A few moments later, she and her two children were standing in a long line, waiting to check out. I wheeled our cart into the check-out station next to hers. “Excuse me,” I said, across the candy counter. “Do I know you?” She said she wasn’t sure but had been trying to place me. Thinking I might have met her through work, I posed the most innocent of questions: “What do you do?”

Instantly, I knew I had asked the wrong thing. Suddenly, her body went rigid, and a look of rage appeared on her face. She picked up the head of lettuce and threw it at me, but it was her words that found their mark. “I stay home with my children,” she hissed, “which is what you should do.”

So much for sisterhood. So much for tolerating another woman’s choice of lifestyle. She was an angry stay-at-home mom. I was a guilty working mom. We were natural enemies.

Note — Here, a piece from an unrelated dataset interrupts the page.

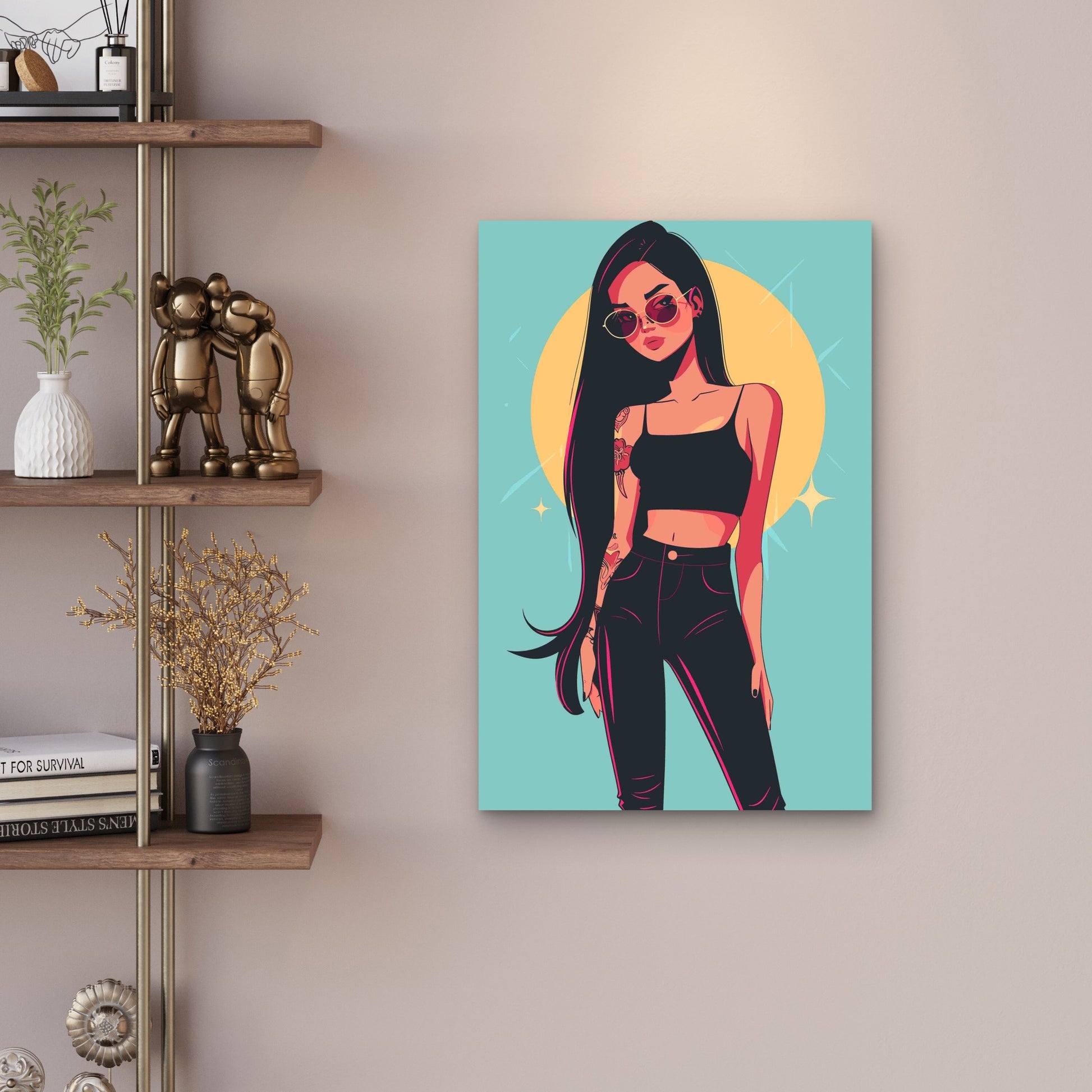 Stylish Pop Art Illustration Of A Girl In Black Cloth Metal Print Ready to Hang

The episode in the grocery store was an extreme example of a simmering but rarely discussed war between mothers who work and those who stay at home. After the lettuce attack, I sought out mothers of all stripes—working, nonworking and part-time—and asked them about their conflicts with other mothers. At first, most of the women I talked to said they had no conflicts. After all, this was the age of tolerance. The struggle of the women’s movement was about giving everyone the right to make her own choices. But five minutes into our conversations, some catty little gripes would pop out. A writer for one of the San Antonio newspapers realized that at her children’s school the telephone chain was organized along partisan mommy lines: The stay-at-home moms called one another, and the working mothers called one another, with almost no crossover between the two groups. An Austin stay-at-home mother confided that she was sick and tired of asking working mothers to help out with school parties. “I’d rather do the whole party myself than ask a working mom for help and have her show up late with a lousy bottle of Seven-Up,” she said.

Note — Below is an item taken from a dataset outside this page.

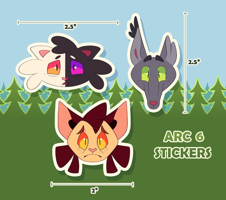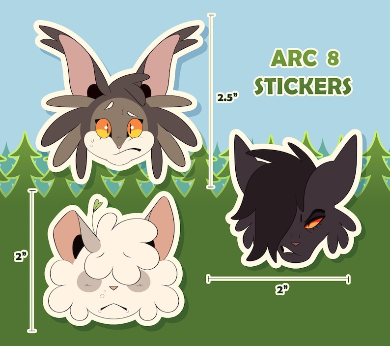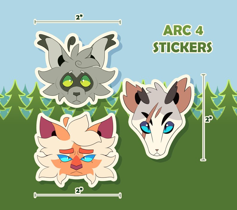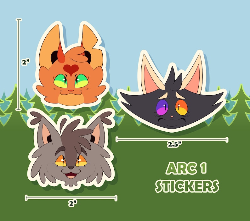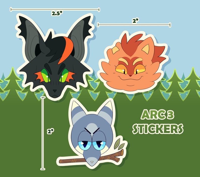 Glossy vinyl stickers featuring the beloved protagonists of Forest Felines! They come in sets of three, one set for each arc! These stickers are durable and suitable for use on notebooks, water bottles, laptops, and other surfaces! They are between 2 and 2.5 inches, depending on character (see images).

This is a war fought primarily by privileged opponents—women who do have a choice. Most American women are like most American men. They have to work; their families need the money. Today only 14.4 percent of American families fit the traditional fifties model of Dad going off to the office and Mom staying home with the kids. On one side of the front lines of the Mommy War are women who work because they want the psychic satisfaction of a career as well as a paycheck. On the other side are women who view their home and children as their jobs.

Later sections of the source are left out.